_DATA FOR PROCESSING_.

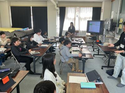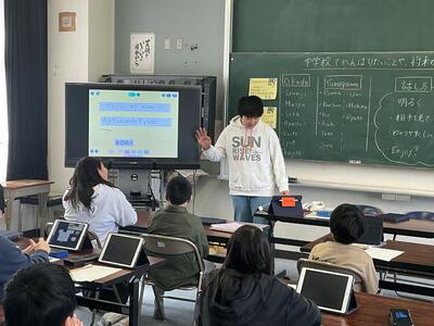岡田小学校6年生と本校6年生が合同で英語学習を行いました。中学校進学を控え、同じ学年同士で交流しながら学べる貴重な機会となりました。今回の学習テーマは 「I want to ~.」の表現を使って、自分の願いやしたいことを伝えよう」 です。はじめに、それぞれのクラスで練習してきた表現を復習し、ペアやグループになって自己紹介や「I want to …」を使った会話に挑戦しました。活動が進むにつれて笑顔が増え、どのグループからも「もう一回話したい!」「次は私が言ってみる!」と、積極的な声が聞こえてきました。6年生同士が互いに励まし合いながら英語で交流する姿から、もうすぐ中学生になる自覚と成長が感じられました。
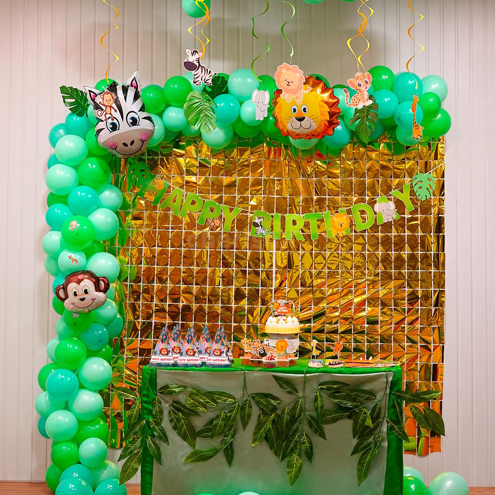 Jungle Theme Birthday Pack(Happy Birthday Bunting, 10 Cone caps, 10 eye masks, swirls with characters, 6 cupcake toppers, 1 cake topper, 6 animal stickers)
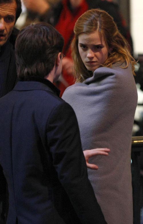 Надпись: 04-21-09 London, UKEmma Watson, Daniel Radcliffe and Rupert Grint pictured filming 'Harry Potter and the Deathly Hallows: Part I', on location in central London. UK...
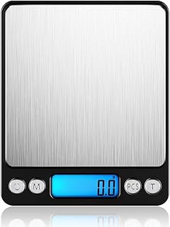 ORIA Balance de Poche Numérique, 500g/ 0.01g Mini Balance de Cuisine avec 2 Plateaux, Écran LCD Rétroéclairé, Balance Multifonctionnelle de Haute précision de Bijoux avec 6 unités, PCS, Tare Fonction
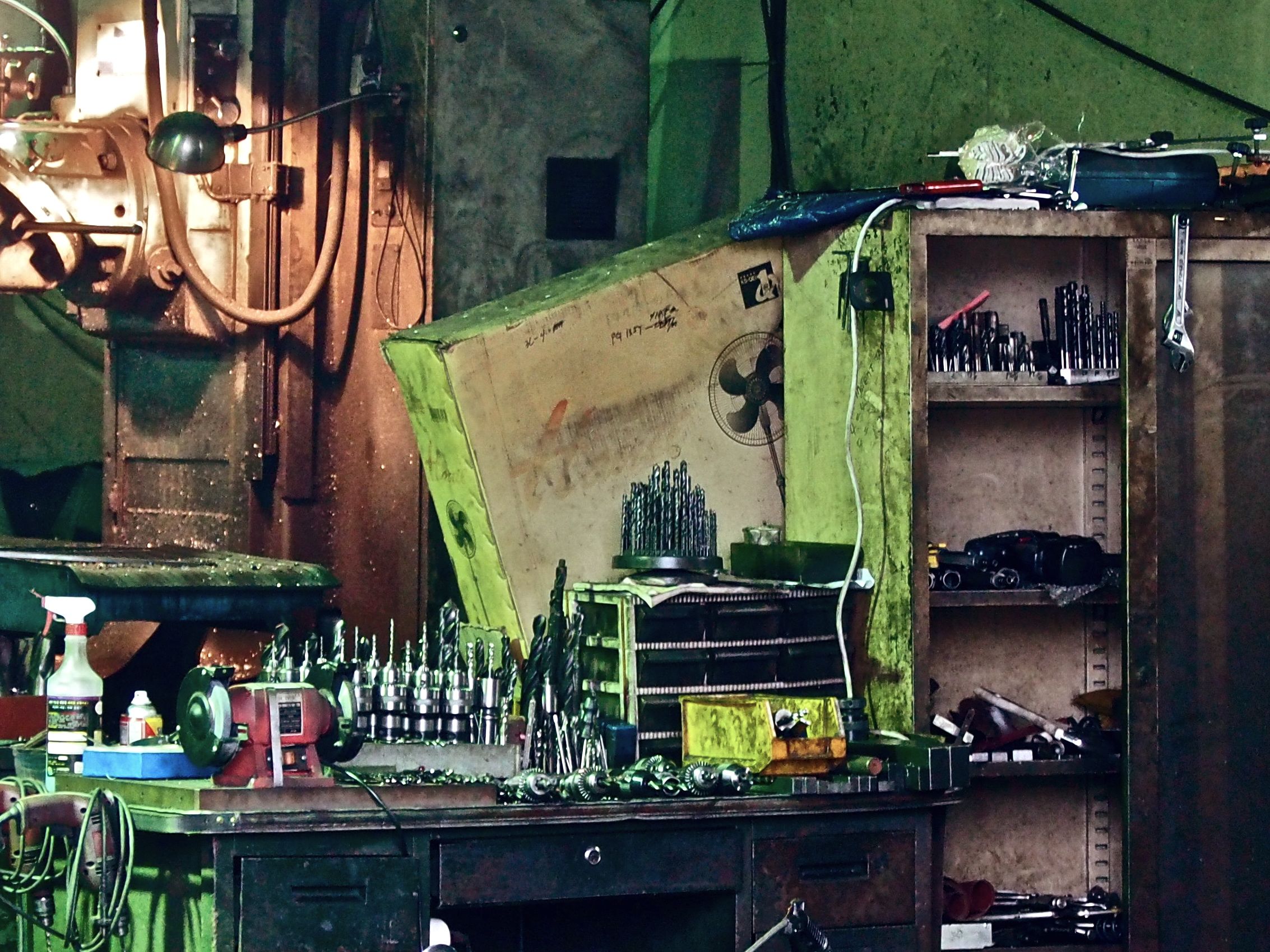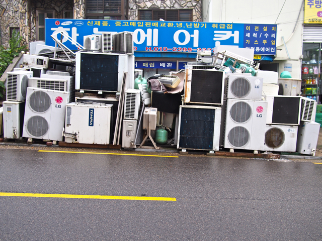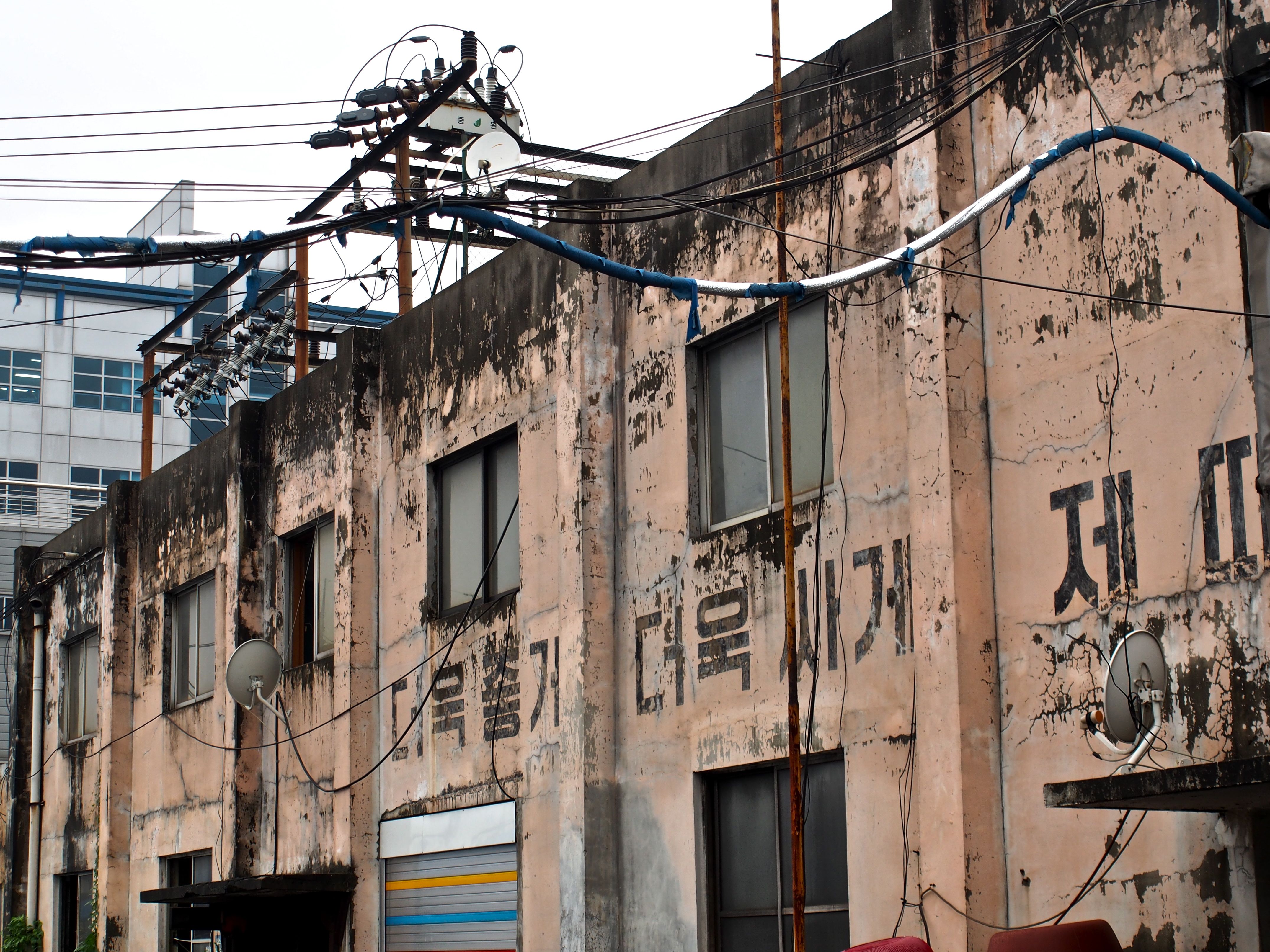 The sky was overcast and heavy, ideal weather for walking through an industrial zone, and I began to wander up and down the roads between factories.  The area was reminiscent of Mullae, but more centralized and more consistently active.  Manufacturers here made metal, glass, springs, and mirrors; the smells of glue, chemicals, oil, and the bitter tang of hot metal filled the air; pulleys, winches, and front end loaders moved things from where they were to where they needed to be.
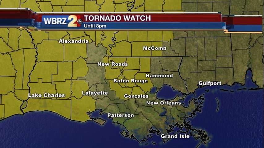 The National Weather Service has issued a *TORNADO WATCH* for parts of the WBRZ Weather forecast area until 8pm.

_PROBLEM DESCRIPTION_.
Write out every entry above exactly as it stands, minus the pictures.

_RESULT FOR THIS EXERCISE_.
岡田小学校6年生と本校6年生が合同で英語学習を行いました。中学校進学を控え、同じ学年同士で交流しながら学べる貴重な機会となりました。今回の学習テーマは 「I want to ~.」の表現を使って、自分の願いやしたいことを伝えよう」 です。はじめに、それぞれのクラスで練習してきた表現を復習し、ペアやグループになって自己紹介や「I want to …」を使った会話に挑戦しました。活動が進むにつれて笑顔が増え、どのグループからも「もう一回話したい!」「次は私が言ってみる!」と、積極的な声が聞こえてきました。6年生同士が互いに励まし合いながら英語で交流する姿から、もうすぐ中学生になる自覚と成長が感じられました。
 Jungle Theme Birthday Pack(Happy Birthday Bunting, 10 Cone caps, 10 eye masks, swirls with characters, 6 cupcake toppers, 1 cake topper, 6 animal stickers)
 Надпись: 04-21-09 London, UKEmma Watson, Daniel Radcliffe and Rupert Grint pictured filming 'Harry Potter and the Deathly Hallows: Part I', on location in central London. UK...
 ORIA Balance de Poche Numérique, 500g/ 0.01g Mini Balance de Cuisine avec 2 Plateaux, Écran LCD Rétroéclairé, Balance Multifonctionnelle de Haute précision de Bijoux avec 6 unités, PCS, Tare Fonction
 The sky was overcast and heavy, ideal weather for walking through an industrial zone, and I began to wander up and down the roads between factories.  The area was reminiscent of Mullae, but more centralized and more consistently active.  Manufacturers here made metal, glass, springs, and mirrors; the smells of glue, chemicals, oil, and the bitter tang of hot metal filled the air; pulleys, winches, and front end loaders moved things from where they were to where they needed to be.
 The National Weather Service has issued a *TORNADO WATCH* for parts of the WBRZ Weather forecast area until 8pm.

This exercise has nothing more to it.